Recovery Aroostook began overseeing both houses in 2022 to give residents more connections with others who have gone through recovery, said Elizabeth Holabird, board treasurer.

“For me, it helps to be in a room of people who understand what I’ve gone through,” she said. “So residents look to us because we get it.”

The two have 11 years of sobriety between them. They know firsthand how important it is to have a recovery support system.

In middle school, Jon Holabird, 36, began misusing drugs and alcohol to impress classmates he thought were his friends. He continued to deal and use drugs, including heroin, throughout young adulthood.
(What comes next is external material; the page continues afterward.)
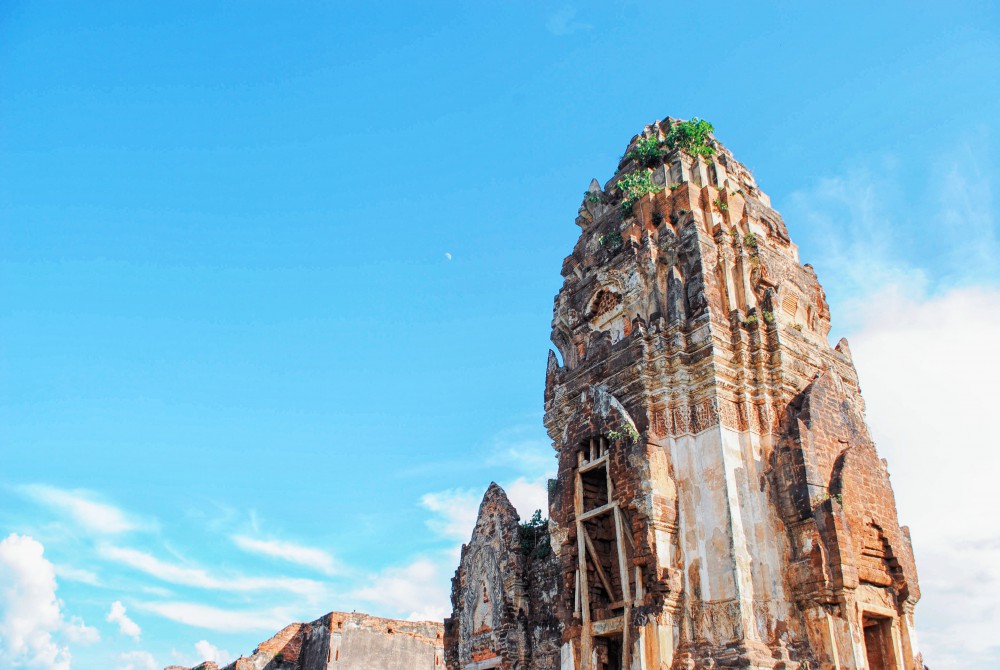 พระปรางค์ประธาน ห่างไปทางทิศตะวันตกของวิหารหลวงเป็นพระปรางค์องค์ใหญ่ที่สุดในลพบุรี สร้างเป็นพุทธเจดีย์ องค์ปรางค์ก่อด้วยศิลาแลงโบกปูน มีเครื่องประดับลวดลายเป็นพระพุทธรูปและพุทธประวัติที่ลายปูนปั้นหน้าบันพระปรางค์แสดงถึงอิทธิพลของพุทธศาสนา นิกายมหายานค่ะ

He relapsed after his first attempt at rehab in 2015 and was arrested two years later for drug trafficking.

While facing years of jail, he had an epiphany: he no longer wanted to be someone who brought pain to his family and community. He entered rehab in Bangor and was still sober eight months later during his court appearance, with the support of family and his newfound church community.

“I had a whole room of people who testified on how much I wanted to change my life,” Jon Holabird said. “I did nine months in the county jail and never looked back.”

Elizabeth Holabird, 32, turned to alcohol as a teenager while dealing with family trauma and struggled with alcoholism as a young adult. Though she tried rehab outside Aroostook, she found she could not face her trauma until she returned home.

The couple met about five years ago during Alcoholics Anonymous meetings and have been married for three years. Today, Jon owns Rick’s Redemption in Presque Isle and Elizabeth works at Miss Jordyn’s Child Care & Preschool in Caribou.

The Holabirds dedicate much of their spare time to volunteering and fundraising for Recovery Aroostook.

At each recovery house, residents are expected to find jobs, pay rent, attend group meetings and work toward recovery through counseling and/or medical-assisted treatment. Each house has six rooms, several of which can be shared.

So far only a few regular donors have signed on to give $10 per month, but Recovery Aroostook has already seen its fundraising momentum increase as it recovers from the pandemic, which shut down most in-person programs.

The organization raised $23,000 in the past year. That includes $6,000 from a memorial 5K race, $3,700 from a SnowBowl-themed fundraiser and more than $10,000 from the Center for the Advancement of Rural Living’s fall spectacular.

Last fall, former Caribou resident Kristin Gifford donated $2,000 in memory of her late daughter, Marissa Lloyd, who passed away in a vehicle accident when she was 7, and Lloyd’s childhood friend Hanah White. White died of a drug overdose last year at age 22. Gifford’s donation allowed Recovery Aroostook to set up a scholarship fund for recovery house residents with limited incomes.

Bill Flagg, community relations director at Cary Medical Center, is on the board for the rural living group.  He and the board were instrumental in fundraising for and purchasing the recovery houses.

Flagg knows how much people in recovery benefit from support systems. Elizabeth Holabird is his daughter.

The more funds Recovery Aroostook can raise, Flagg said, the more communities can understand that there are real families behind the stories of addiction.

“It’s a tough thing to come out of, and I’m so proud of what Elizabeth has become,” Flagg said. “For so long Aroostook County has not had a recovery community, but we’re building it. I think this is just the beginning.”